Tag Phrases are Great
You can repeat individual tags within phrases for an extra boost. For example: “tower, bridge, tower bridge, tower bridge london” gives you 3 mentions of “tower” and 3 mentions of “bridge” for an overall boost in the search results for “tower bridge”. Furthermore a phrase containing several tags is counted as only one tag towards your 50 tag limit.
Redbubble Doesn’t Like a Lot of Common Tags
Redbubble removes some tags (and the tag phrases that include them!) when you publish your design. It also removes some other tags from a user’s search string before showing results.
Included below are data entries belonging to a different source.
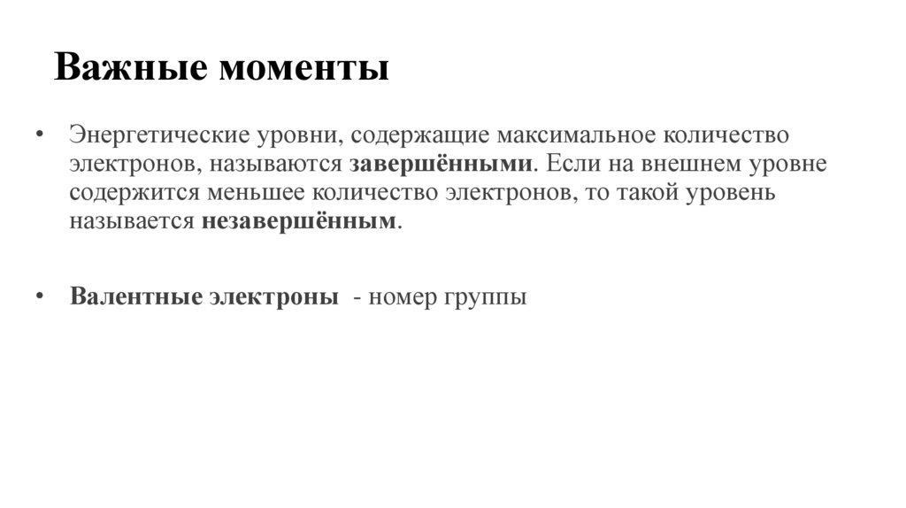 Важные моменты• Энергетические уровни, содержащие максимальное количество
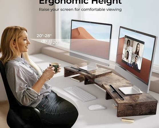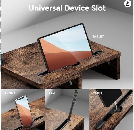Monitor Stand With 2 Slots For Phone & Tablet. Dual Monitor Riser-New 2 available. One is the box, have not assembled. One is assembled (for pictures taken) Color Vintage Material Engineered...
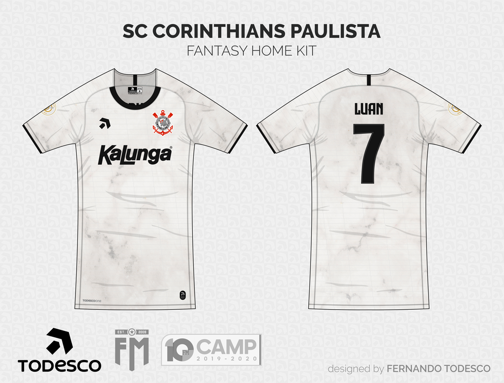 Home: A ideia era criar uma referência a Arena Corinthians, um dos maiores motivos de orgulho do Corinthians. Para isso, trouxemos o formato das peças de mármore da fachada para a camisa, além de uma textura marmorizada, que também significa uma camisa após a "batalha do campo", simbolizando a entrega do time dentro das 4 linhas.

Removed tags include: apparel, clothes, clothing, tee, tees, t-shirt, tshirt, t shirt, tee-shirt, shirt, leggings, dress, dresses, pillows, sweatshirt, sweats, trendy, trending, sticker, stickers, gift, gifts, present, presents, relevant, home decor, canvas, wall art … there are many more. Every time you use one of these tags you are wasting space in your tag field. After publishing, check your tags. (Note that Redbubble does not remove these “banned” tags from titles.
Descriptions Can Be Useful
If you are pinning your products on Pinterest, having a good description can save you a lot of time. Clicking the Pinterest Save Button while you are on your product page should give you an image with a good pin description already filled in.
Double-Check Your Design Position and Size
After you have saved your design, Redbubble will show you it on all the products you have enabled. It is worth examining this view quite closely to make sure your design is nicely positioned on each product and at the optimum size. For example, it took me several months to understand that the standard placement of my design on greetings cards was way too high, and that my mugs were defaulting to a view that obscured the design.
Why Building Sales Takes Time
Everyone says that you need to have patience with Redbubble. That if you keep uploading sales will come. But why do we need to wait? The obvious reason is that it takes time for the most important search engine of all, Google, to index your designs. When you start with Redbubble you are not going to have that many links in Google so you are not going to get much organic traffic. As you start to post links to your designs on social media and on various websites like Pinterest, Google will start paying more attention to you. But it takes time for your designs to get indexed and to be findable. Be aware that something like 90% of all webpages are NOT indexed by Google. Take steps to make sure at least some of your designs are linked from somewhere outside of Redbubble.
Follows and Favorites are Important
So at the start, Google isn’t going to be much use to you. Rather you are going to need to rely on internal traffic at the Redbubble site itself. Obviously this means that you need to have good tags on your designs (see tips above). But it also seems obvious to me that that the more followers you profile has, and the more favorites your designs have, the better that internal traffic will be. Having followers internally gives you “link juice” — the reputation of your followers tends to rub off on you. The more followers you have the more likely your designs are likely to get a good reputation in Google. Not proven, but also likely, having many favorites is quite likely to improve the position of your product in the Redbubble search results.
If you are interested, join my Facebook Follows and Favorites group, which is dedicated to building these internal links.
And if you find this post is helpful and want to say “thanks”, follow me on Redbubble and like a few of my designs. You can find my shop here: tiokvadrat.redbubble.com.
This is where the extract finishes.